INFORMATION SUPPLIED:
◇ ◇ ◇ ◇ ◇
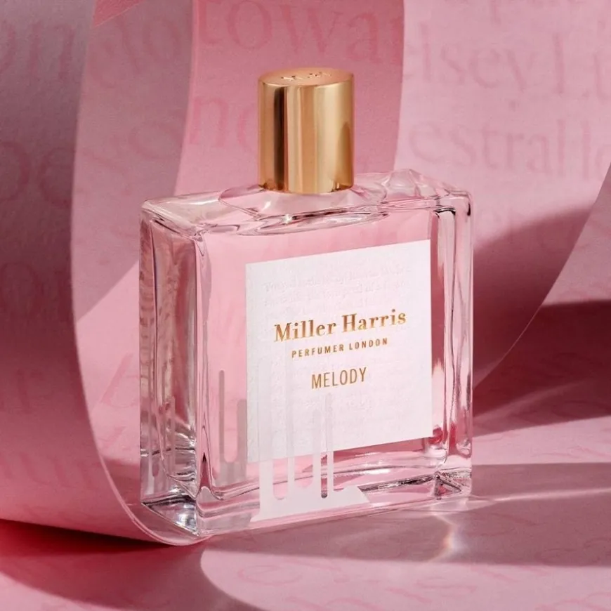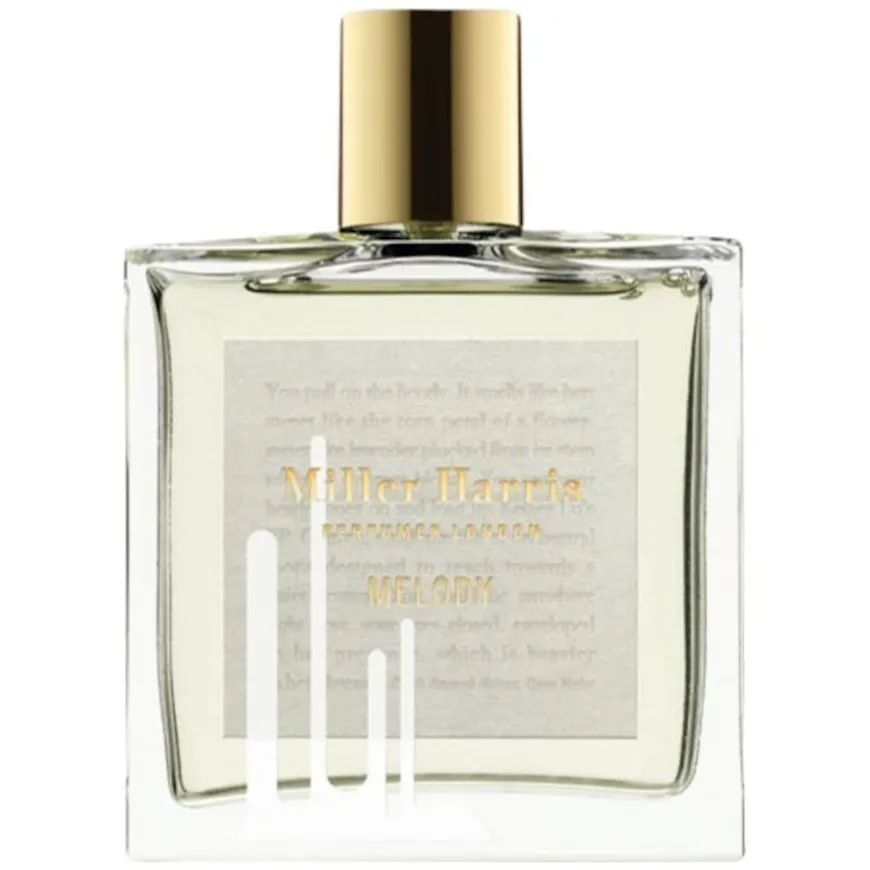 Geïnspireerd door een passage uit de roman “Open Water” van Caleb Azumah Nelson, is Melody Eau de Parfum van Miller Harris een geur die de tedere momenten van de eerste liefde vastlegt. De compositie uit de Stories Collection opent met een sprankelende noot van bergamot en zwarte bes, aangevuld met verse basilicum en een groen stengelakkoord. In het hart ontvouwt zich een boeket van damastroos en lavendel, begeleid door de subtiele nuances van Ceylonthee. De basis is een warme en zachte finish van witte muskus, vanille, cederhout en gerecycled kasjmierhout, die de geur diepte geeft. In overeenstemming met de filosofie van het merk worden natuurlijke en duurzaam gewonnen grondstoffen gebruikt. Gepresenteerd in een elegante, rechthoekige glazen fles met gouden accenten, belichaamt het ontwerp een moderne en minimalistische esthetiek.
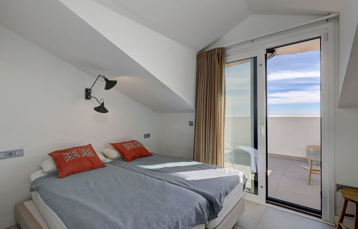 On the upper level there is the main bedroom with an en-suite bathroom and access to a spectacular rooftop terrace with a private jacuzzi and breathtaking views of the Mediterranean.
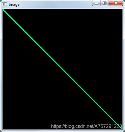 以上使用line方法,传入img表示在img图片上进行绘图,绘图的起始点位置为(0,0),终点位置是(400,400),然后绘制的颜色纯白色(255,255,255),线段粗细为2个单位。我们来看一下绘制的效果:
◇ ◇ ◇ ◇ ◇
WORK REQUEST: Once more, please print all the lines above exactly, without their pictures.

RESPONSE AREA:
 Geïnspireerd door een passage uit de roman “Open Water” van Caleb Azumah Nelson, is Melody Eau de Parfum van Miller Harris een geur die de tedere momenten van de eerste liefde vastlegt. De compositie uit de Stories Collection opent met een sprankelende noot van bergamot en zwarte bes, aangevuld met verse basilicum en een groen stengelakkoord. In het hart ontvouwt zich een boeket van damastroos en lavendel, begeleid door de subtiele nuances van Ceylonthee. De basis is een warme en zachte finish van witte muskus, vanille, cederhout en gerecycled kasjmierhout, die de geur diepte geeft. In overeenstemming met de filosofie van het merk worden natuurlijke en duurzaam gewonnen grondstoffen gebruikt. Gepresenteerd in een elegante, rechthoekige glazen fles met gouden accenten, belichaamt het ontwerp een moderne en minimalistische esthetiek.
 On the upper level there is the main bedroom with an en-suite bathroom and access to a spectacular rooftop terrace with a private jacuzzi and breathtaking views of the Mediterranean.
 以上使用line方法,传入img表示在img图片上进行绘图,绘图的起始点位置为(0,0),终点位置是(400,400),然后绘制的颜色纯白色(255,255,255),线段粗细为2个单位。我们来看一下绘制的效果:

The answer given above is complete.